[Dataset excerpts]
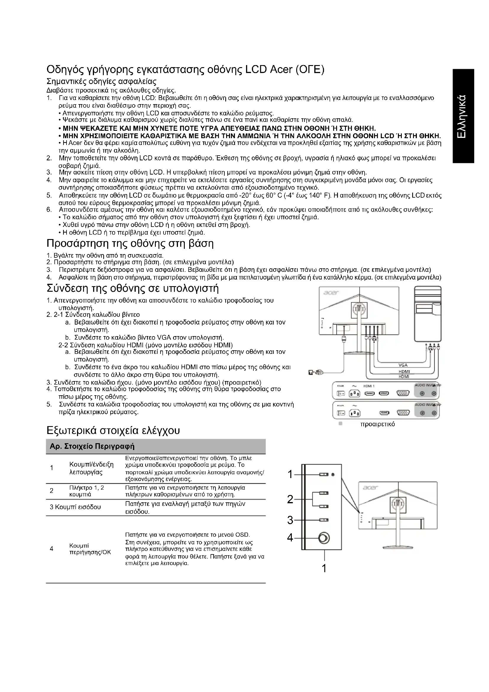 Αλλαγές ή τροποποιήσεις που δεν έχουν εγκριθεί ρητά από τον κατασκευαστή ενδέχεται να ακυρώσουν την άδεια του χρήστη, η οποία χορηγείται από την Ομοσπονδιακή Επιτροπή Επικοινωνιών, για τον χειρισμό αυτού του προϊόντος. Συνθήκες λειτουργίας Αυτή η συσκευή συμμορφώνεται με το Μέρος 15 των κανονισμών FCC. Η λειτουργία της υπόκειται στις ακόλουθες δύο συνθήκες: (1) αυτή η συσκευή δεν μπορεί να προκαλέσει επιβλαβή παρεμβολή και (2) αυτή η συσκευή πρέπει να δέχεται οποιαδήποτε παρεμβολή που λαμβάνει, συμπεριλαμβανομένων των παρεμβολών που ενδέχεται να προκαλέσουν ανεπιθύμητη λειτουργία. Ειδοποίηση: Καναδοί χρήστες Αυτή η ψηφιακή συσκευή κατηγορίας Β συμμορφώνεται με το πρότυπο CAN ICES-003(B)/NMB-003(B). Remarque à l'intention des utilisateurs canadiens Cet appareil numérique de la classe B est conforme à la norme NMB-003 du Canada. Απόρριψη άχρηστου εξοπλισμού από χρήστες σε ιδιωτικά νοικοκυριά στην Ευρωπαϊκή Ένωση Αυτό το σύμβολο πάνω στο προϊόν ή πάνω στη συσκευασία υποδεικνύει ότι αυτό το προϊόν δεν πρέπει να απορρίπτεται μαζί με τα υπόλοιπα οικιακά απορρίμματα. Αντί γι' αυτό, είναι δική σας ευθύνη να απορρίπτετε τον άχρηστο εξοπλισμό παραδίνοντάς τον σε ένα καθορισμένο σημείο συλλογής για την ανακύκλωση αποβλήτων ηλεκτρικού και ηλεκτρονικού εξοπλισμού. Η χωριστή συλλογή και ανακύκλωση του άχρηστου εξοπλισμού κατά τη στιγμή της απόρριψης θα βοηθήσει στη διατήρηση των φυσικών πόρων και θα διασφαλίσει ότι ανακυκλώνονται κατά τρόπο που προστατεύεται η ανθρώπινη υγεία και το περιβάλλον. Για περισσότερες πληροφορίες σχετικά με το πού μπορείτε να απορρίψετε τον άχρηστο εξοπλισμό σας για ανακύκλωση, επικοινωνήστε με το τοπικό γραφείο της πόλης σας, την υπηρεσία διάθεσης οικιακών απορριμμάτων ή το κατάστημα από όπου αγοράσατε το προϊόν.Ελληνικά ΠΡΟΔΙΑΓΡΑΦΕΣ Βρείτε τα εγχειρίδια και τη λοιπή τεκμηρίωση για το προϊόν Acer στην επίσημη ιστοσελίδα υποστήριξης της Acer. Οθόνη LCD Σύστημα οδήγησης Έγχρωμη οθόνη LCD TFT Μέγεθος 23,8”W (60 cm) Βήμα pixel 0,2745 mm (Ο) x 0,2745 mm (Κ) Φωτεινότητα 250 cd/m
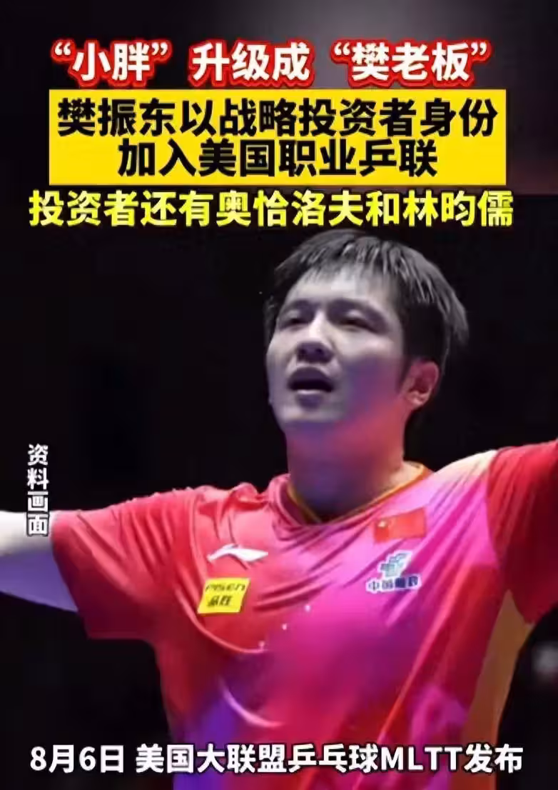 樊振東一下子從運動員變成了投資人兼老闆,原本是打工仔,現在變成了股東,可能會以球員和股東兩重身份參賽,既是運動員又是老闆。才27歲的他,正是當打之年。
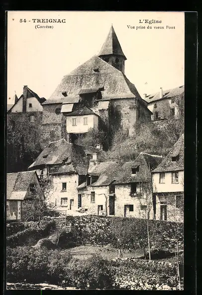 AK Treignac, L`Eglise vue prise du vieux Pont
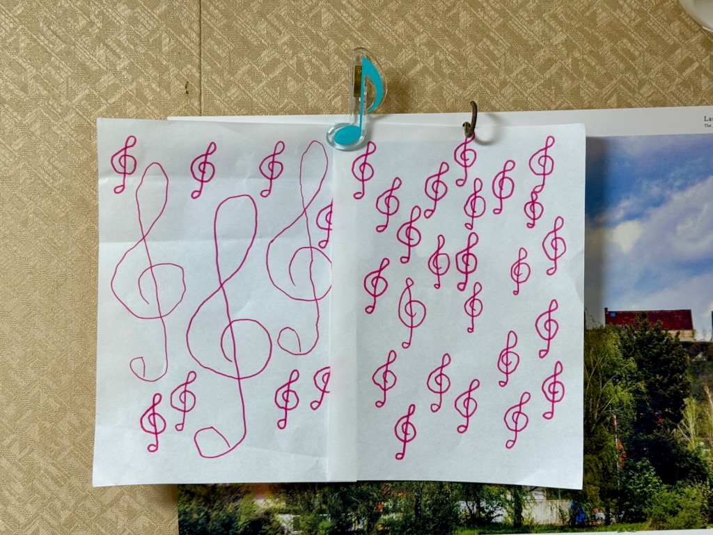 1年生の子がた〜くさんのト音記号を練習してきてくれました。お花が咲いてるみたいに大小様々。可愛いのでレッスン室に貼って皆さんに見て頂いています。「すご〜い!」「これがとっても上手!」「大きいのが上手ねえ」などなど良い反応ばかりです。いっぱい練習してきてくれてありがとう!
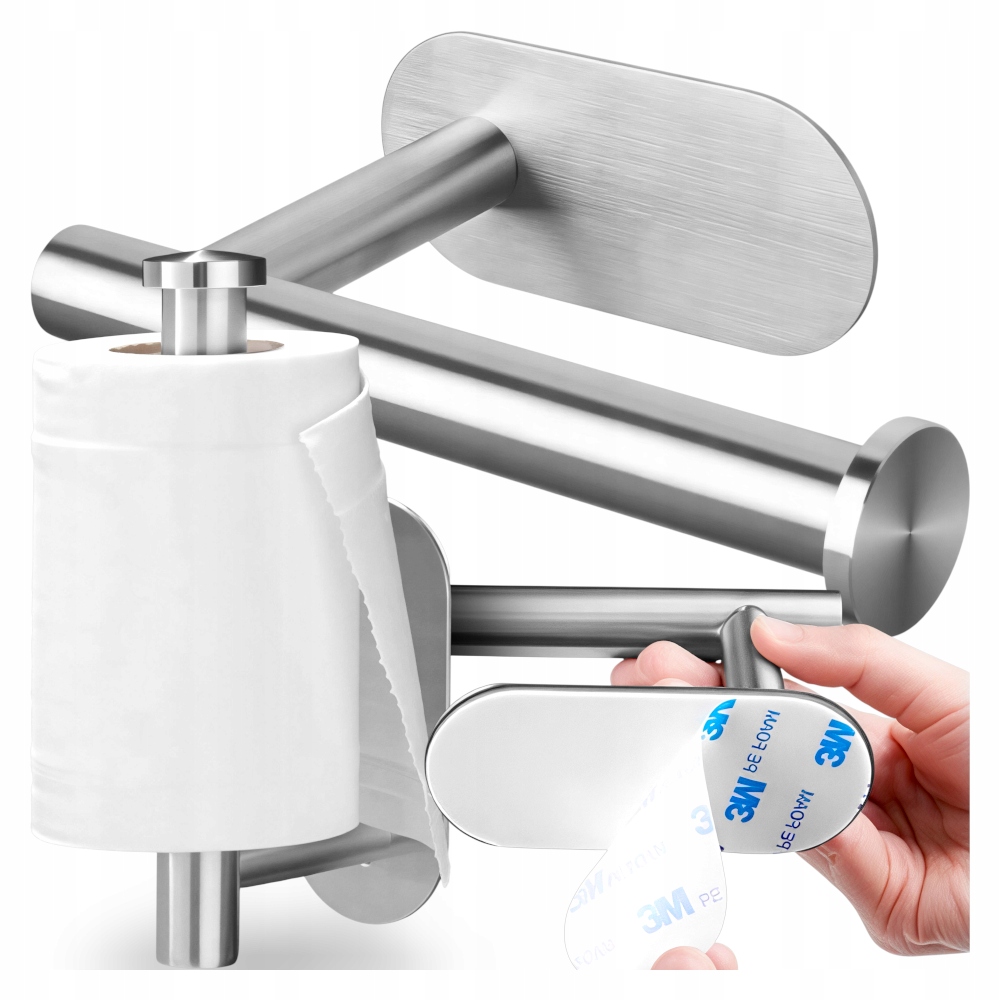 ⭐ Самоклеящийся держатель для туалетной бумаги серебристого цвета. Изготовлен из прочной нержавеющей стали, слегка закругленной формы.
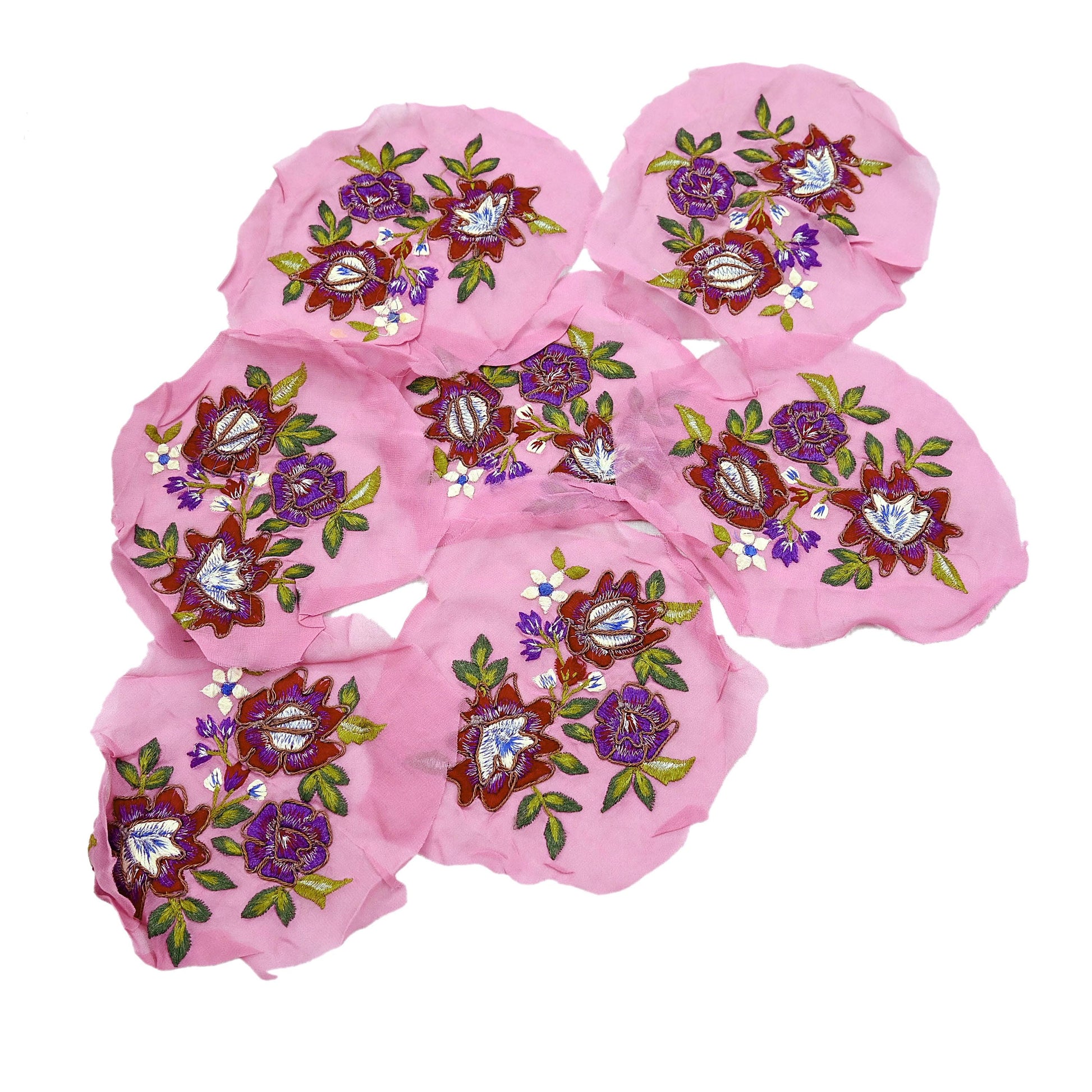Indian Vintage Pink pure Georgette Silk Rare Appliques - set of 7 Embroidered VERY OLD ANTIQUE Snippets Remnants Craft Journals
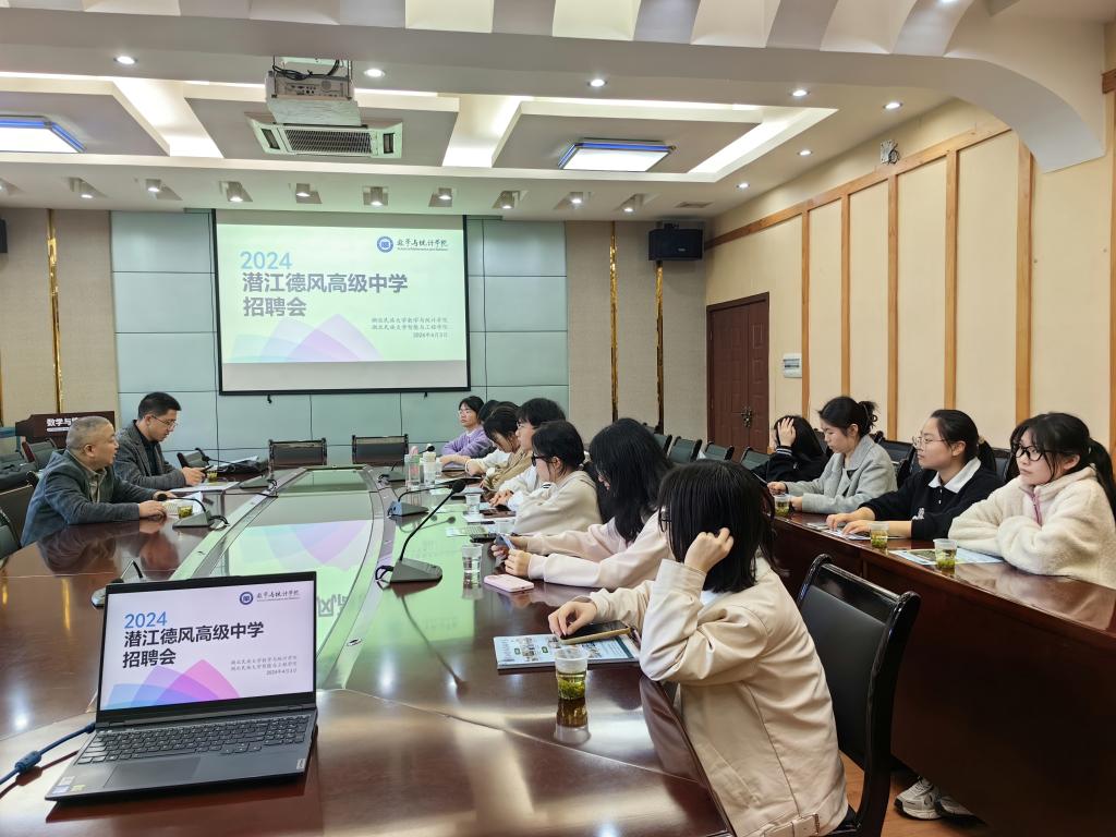 为抢抓招聘黄金期,推动2024届毕业生高质量就业,4月3日下午由数学与统计学院举办的春风送岗促就业·潜江德风高级中学教师专场招聘会在学院四楼会议室成功召开。本次招聘活动由数学与统计学院学生科牵头,智能与工程学院、文学与传媒学院相关学生参加。
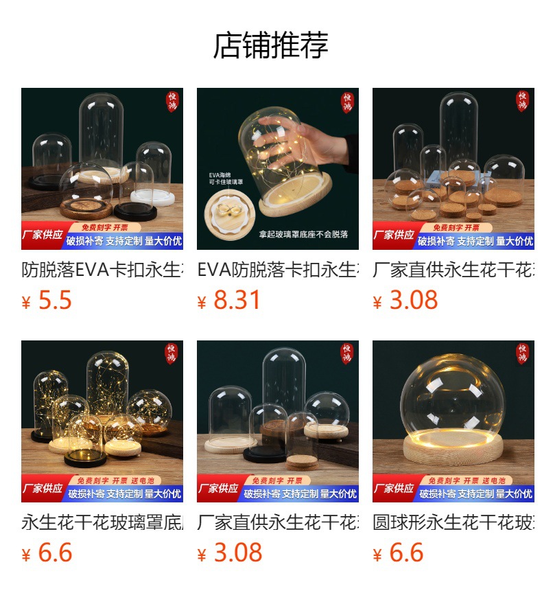 조명이 있는 유리 덮개 받침대, 불멸의 꽃, 드라이플라워 디스플레이 박스, 방진 덮개, 피규어 유리 덮개스토어 가기
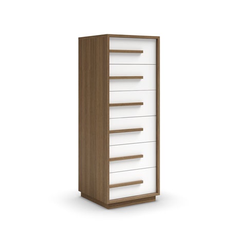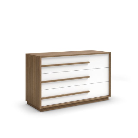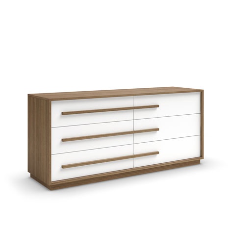 The Preben Dressers feature an asymmetrical handle design and sturdy cases. With its stunning angled headboard, the Preben Bed is proudly Made in Canada of wood veneers and solids. It's sure to create drama in your bedroom.
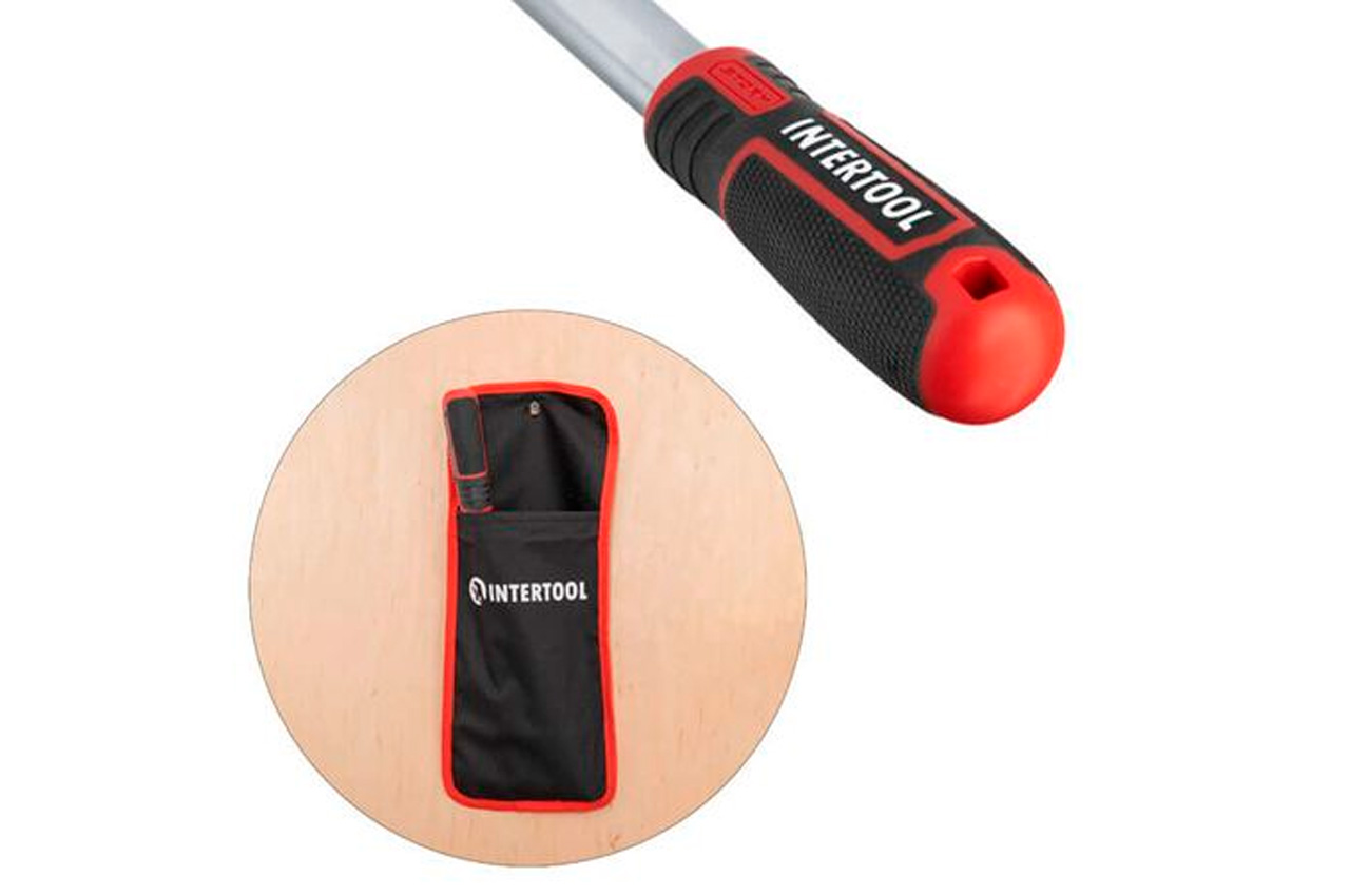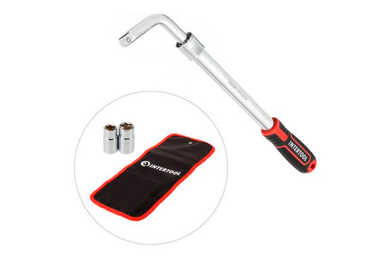 Ключ балонний телескопічний INTERTOOL HT-1601 має L- образну форму з посадковим квадратом під головки 1/2". Застосовується для монтажу та демонтажу гайок та болтів на колесах автомобілів. Це корисний помічник у гаражі у власників транспортних засобів, а також незамінний інструмент на СТО та в шиномонтажі. Ключ виготовлений з високоякісної Cr-V сталі, яка відома усім майстрам своєю надійністю та витривалістю. У складі цієї сталі присутні хром та ванадій, які надають виробу високу стійкість до зносу. Також сталь відрізняється довговічністю та не схильна до крихкого руйнування. Ключ з антикорозійним покриттям. У розкладеному вигляді телескопічний ключ має збільшене плече зусилля, що дозволяє отримувати більший момент, тим самим збільшує прикладену силу до кріплення, що недоступно звичайним балонним ключам. Телескопічна рукоятка може змінювати довжину (390-530 мм), тим самим регулювати зусилля. Це набагато спрощує роботу та економить сили оператору. Також за допомогою телескопічної ручки ви можете доставати кріплення у будь-якому важкодоступному місці без використання додаткових перехідників. В комплекті дві шестигранні головки 17х19 и 21х23 мм з подвійним розміром кожна. Надійно кріпляться до посадкового квадрату ключа завдяки шариковому фіксатору. Форма ручки забезпечує максимальну ефективність від прикладеного зусилля. Двохкомпонентна рукоятка гарантує відмінне зчеплення навіть з вологими чи забрудненими у мастилі руками, завдяки гумовим вставкам. В комплекті нейлоновий чохол для зручного зберігання ключа і головок, наявність люверсу дозволяє підвісити чохол на стіну.

# What you will do
Word for word, restate all of the records. Exclude the pictures.

# Exercise answer
 Αλλαγές ή τροποποιήσεις που δεν έχουν εγκριθεί ρητά από τον κατασκευαστή ενδέχεται να ακυρώσουν την άδεια του χρήστη, η οποία χορηγείται από την Ομοσπονδιακή Επιτροπή Επικοινωνιών, για τον χειρισμό αυτού του προϊόντος. Συνθήκες λειτουργίας Αυτή η συσκευή συμμορφώνεται με το Μέρος 15 των κανονισμών FCC. Η λειτουργία της υπόκειται στις ακόλουθες δύο συνθήκες: (1) αυτή η συσκευή δεν μπορεί να προκαλέσει επιβλαβή παρεμβολή και (2) αυτή η συσκευή πρέπει να δέχεται οποιαδήποτε παρεμβολή που λαμβάνει, συμπεριλαμβανομένων των παρεμβολών που ενδέχεται να προκαλέσουν ανεπιθύμητη λειτουργία. Ειδοποίηση: Καναδοί χρήστες Αυτή η ψηφιακή συσκευή κατηγορίας Β συμμορφώνεται με το πρότυπο CAN ICES-003(B)/NMB-003(B). Remarque à l'intention des utilisateurs canadiens Cet appareil numérique de la classe B est conforme à la norme NMB-003 du Canada. Απόρριψη άχρηστου εξοπλισμού από χρήστες σε ιδιωτικά νοικοκυριά στην Ευρωπαϊκή Ένωση Αυτό το σύμβολο πάνω στο προϊόν ή πάνω στη συσκευασία υποδεικνύει ότι αυτό το προϊόν δεν πρέπει να απορρίπτεται μαζί με τα υπόλοιπα οικιακά απορρίμματα. Αντί γι' αυτό, είναι δική σας ευθύνη να απορρίπτετε τον άχρηστο εξοπλισμό παραδίνοντάς τον σε ένα καθορισμένο σημείο συλλογής για την ανακύκλωση αποβλήτων ηλεκτρικού και ηλεκτρονικού εξοπλισμού. Η χωριστή συλλογή και ανακύκλωση του άχρηστου εξοπλισμού κατά τη στιγμή της απόρριψης θα βοηθήσει στη διατήρηση των φυσικών πόρων και θα διασφαλίσει ότι ανακυκλώνονται κατά τρόπο που προστατεύεται η ανθρώπινη υγεία και το περιβάλλον. Για περισσότερες πληροφορίες σχετικά με το πού μπορείτε να απορρίψετε τον άχρηστο εξοπλισμό σας για ανακύκλωση, επικοινωνήστε με το τοπικό γραφείο της πόλης σας, την υπηρεσία διάθεσης οικιακών απορριμμάτων ή το κατάστημα από όπου αγοράσατε το προϊόν.Ελληνικά ΠΡΟΔΙΑΓΡΑΦΕΣ Βρείτε τα εγχειρίδια και τη λοιπή τεκμηρίωση για το προϊόν Acer στην επίσημη ιστοσελίδα υποστήριξης της Acer. Οθόνη LCD Σύστημα οδήγησης Έγχρωμη οθόνη LCD TFT Μέγεθος 23,8”W (60 cm) Βήμα pixel 0,2745 mm (Ο) x 0,2745 mm (Κ) Φωτεινότητα 250 cd/m
 樊振東一下子從運動員變成了投資人兼老闆,原本是打工仔,現在變成了股東,可能會以球員和股東兩重身份參賽,既是運動員又是老闆。才27歲的他,正是當打之年。
 AK Treignac, L`Eglise vue prise du vieux Pont
 1年生の子がた〜くさんのト音記号を練習してきてくれました。お花が咲いてるみたいに大小様々。可愛いのでレッスン室に貼って皆さんに見て頂いています。「すご〜い!」「これがとっても上手!」「大きいのが上手ねえ」などなど良い反応ばかりです。いっぱい練習してきてくれてありがとう!
 ⭐ Самоклеящийся держатель для туалетной бумаги серебристого цвета. Изготовлен из прочной нержавеющей стали, слегка закругленной формы.
Indian Vintage Pink pure Georgette Silk Rare Appliques - set of 7 Embroidered VERY OLD ANTIQUE Snippets Remnants Craft Journals
 为抢抓招聘黄金期,推动2024届毕业生高质量就业,4月3日下午由数学与统计学院举办的春风送岗促就业·潜江德风高级中学教师专场招聘会在学院四楼会议室成功召开。本次招聘活动由数学与统计学院学生科牵头,智能与工程学院、文学与传媒学院相关学生参加。
 조명이 있는 유리 덮개 받침대, 불멸의 꽃, 드라이플라워 디스플레이 박스, 방진 덮개, 피규어 유리 덮개스토어 가기
 The Preben Dressers feature an asymmetrical handle design and sturdy cases. With its stunning angled headboard, the Preben Bed is proudly Made in Canada of wood veneers and solids. It's sure to create drama in your bedroom.
 Ключ балонний телескопічний INTERTOOL HT-1601 має L- образну форму з посадковим квадратом під головки 1/2". Застосовується для монтажу та демонтажу гайок та болтів на колесах автомобілів. Це корисний помічник у гаражі у власників транспортних засобів, а також незамінний інструмент на СТО та в шиномонтажі. Ключ виготовлений з високоякісної Cr-V сталі, яка відома усім майстрам своєю надійністю та витривалістю. У складі цієї сталі присутні хром та ванадій, які надають виробу високу стійкість до зносу. Також сталь відрізняється довговічністю та не схильна до крихкого руйнування. Ключ з антикорозійним покриттям. У розкладеному вигляді телескопічний ключ має збільшене плече зусилля, що дозволяє отримувати більший момент, тим самим збільшує прикладену силу до кріплення, що недоступно звичайним балонним ключам. Телескопічна рукоятка може змінювати довжину (390-530 мм), тим самим регулювати зусилля. Це набагато спрощує роботу та економить сили оператору. Також за допомогою телескопічної ручки ви можете доставати кріплення у будь-якому важкодоступному місці без використання додаткових перехідників. В комплекті дві шестигранні головки 17х19 и 21х23 мм з подвійним розміром кожна. Надійно кріпляться до посадкового квадрату ключа завдяки шариковому фіксатору. Форма ручки забезпечує максимальну ефективність від прикладеного зусилля. Двохкомпонентна рукоятка гарантує відмінне зчеплення навіть з вологими чи забрудненими у мастилі руками, завдяки гумовим вставкам. В комплекті нейлоновий чохол для зручного зберігання ключа і головок, наявність люверсу дозволяє підвісити чохол на стіну.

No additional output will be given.